* Dataset excerpt
········

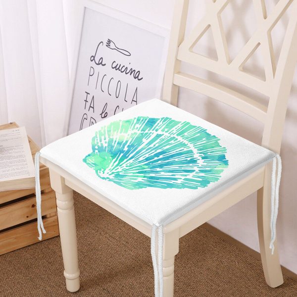 Beyaz Zeminde Yeşil Renkli Deniz Kabuğu Desenli Dijital Baskılı Modern Fermuarlı Sandalye Minderi
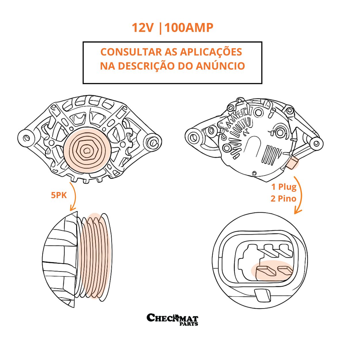 Especificação: 12VOLTS | 100AMP | Polia Estriada | Plug 2 pinos
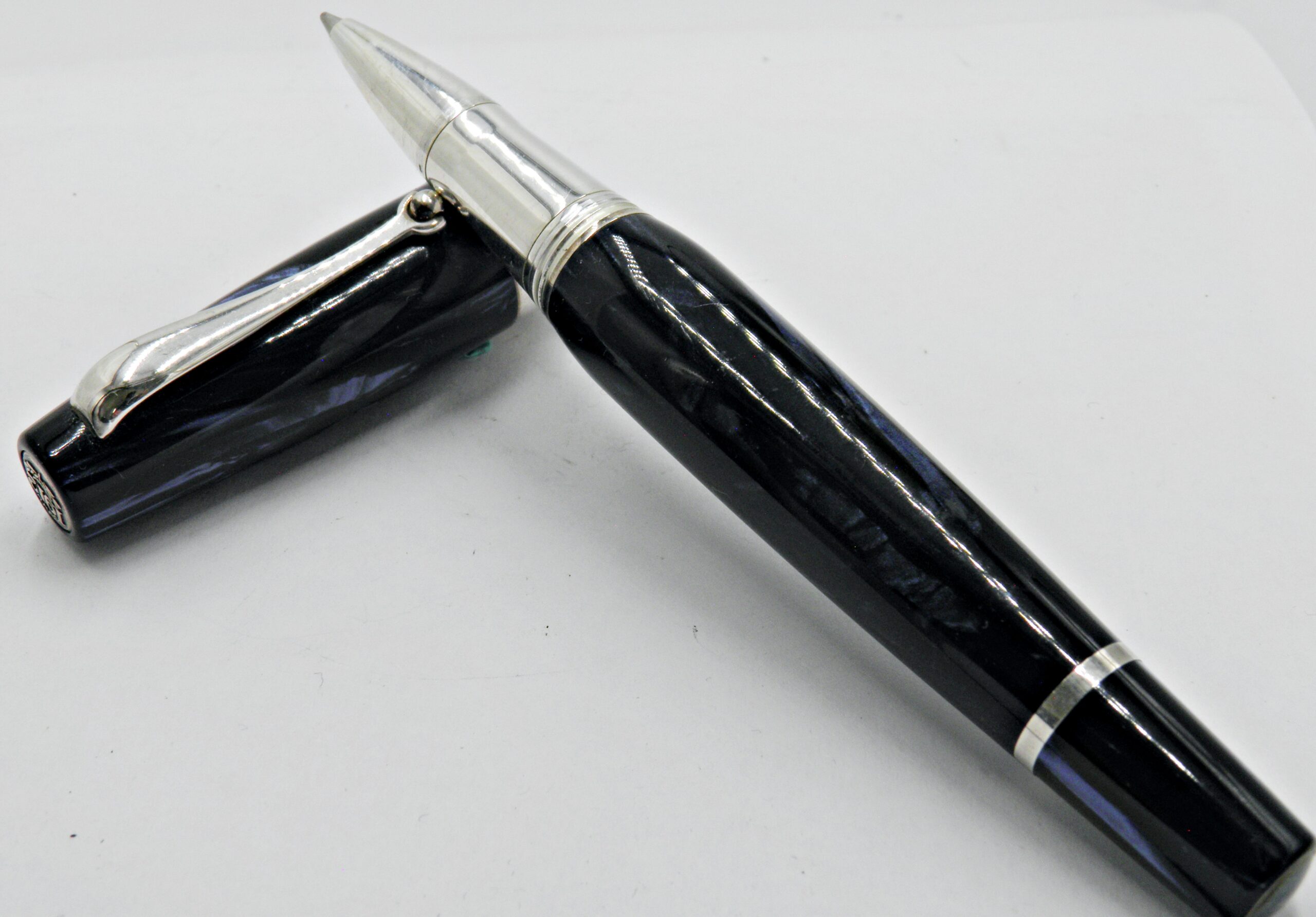 Un stylo bille signé MONTEGRAPPA, c’est un modèle Extra 1930 en celluloïd bleu marbré, magnifique.  Le corps est en argent 925 et en celluloïd bleu. Il est en excellent état général.

········

* Work instruction
Retype the listing verbatim, minus every image.

* Result below
 Beyaz Zeminde Yeşil Renkli Deniz Kabuğu Desenli Dijital Baskılı Modern Fermuarlı Sandalye Minderi
 Especificação: 12VOLTS | 100AMP | Polia Estriada | Plug 2 pinos
 Un stylo bille signé MONTEGRAPPA, c’est un modèle Extra 1930 en celluloïd bleu marbré, magnifique.  Le corps est en argent 925 et en celluloïd bleu. Il est en excellent état général.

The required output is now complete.